Figure 1 shows mean difference variance of pupil diameter in Nepafenac and Flurbiprofen groups at different time intervals. There is no significant difference in both groups (spearman's rho-Nepafenac group-0.3465 and Flurbiprofen group-0.0749) at different time intervals. But there is a significant difference in variance of mean difference among patients in the Nepafenac group as the duration of surgery is increased (pvalue= 0.0089), but not among patients in the Flurbiprofen group (p-value=0.0749).
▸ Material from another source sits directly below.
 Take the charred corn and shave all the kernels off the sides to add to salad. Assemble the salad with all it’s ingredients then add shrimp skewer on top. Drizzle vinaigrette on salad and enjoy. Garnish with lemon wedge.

Mydriasis is the key point for a successful cataract surgery. Pupillary constriction during surgery causes various difficulties like difficulty in nucleus prolapse and makes the eye at risk for further complications due to poor visualization . This risk is increased especially when beginners are performing surgeries during their learning period. Topical NSAIDS are important in combating this situation and also to reduce postoperative pain and inflammation [10-13]. Many comparative studies were done between different NSAIDS and placebo regarding maintaining mydriasis during surgery (Table 5).
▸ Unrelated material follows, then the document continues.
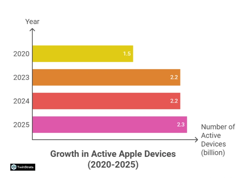 Apple’s active devices reach 2.3 billion in 2025, a 4.5% increase from 2024, driven by longer user retention and services like iCloud, allowing seamless data access across iPhone, iPad, and Mac for better personal organization.

|Year||Authors||Drugs compared||Observed effect||Type of surgery||Result|
|2019||Minj et al. ||Nepafenac||Mydriasis||SICS, phacoemulsification||Both are equal|
|2018||Prakash et al. ||Nepafenac Flurbiprofen||Mydriasis||SICS||Both are equal|
|2017||Chen et al. ||Bromfenac||Mydriasis||FLACS||Bromfenac is effective|
|Control group||Postoperative inflammation|
|2016||Sharma et al. ||Dexamethasone||Mydriasis,||SICS||Ketorolac is more efficacious|
|ketorolac||Postoperative pain and inflammation|
|2015||Sarkar et al. ||Nepafenac||Mydriasis||SICS||Both are equal|
|2015||Bansal et al. ||Nepafenac||Mydriasis||-||Both are equal|
|2015||Jung ||Bromfenac||Mydriasis||Phacoemulsification||Both are equal|
|2012||Zanetti et al. ||Prednisolone, Ketorolac, Nepafenac and placebo||Mydriasis||Phacoemulsification||Prednisolone, ketorolac and nepafenac are equally efficacious and more than placebo|
|2011||Atanis et al. ||Ketorolac||Mydriasis||Phacoemulsification||Nepafenac is more efficacious|
|2011||Abdel et al. ||Flurbiprofen||Mydriasis||-||Both are equal but Flurbiprofen has prolonged action|
Table 5: Comparison of different drugs in various studies.
The results of present study show that nepafenac and flurbiprofen are equally efficacious which corresponds with the other studies in maintaining mydriasis during cataract surgery. The additional information that we obtain from this study is drug efficacy in correlation with duration of surgery which no study has done till now.
In this study, both drugs were equally effective at different time intervals but as the duration of surgery was prolonged, nepafenac had a significant effect in maintaining mydriasis. The prime importance of the study is to observe the effect of the drugs in cataract surgeries with long duration where trainees are the surgeons. As the trainees need sufficient time for the completion of the surgery in their learning phase, the use of NSAIDS preoperatively plays a major role in success of the surgery without any complications. The major limitation of the study is less number of subjects, future research is needed with a large number of study subjects.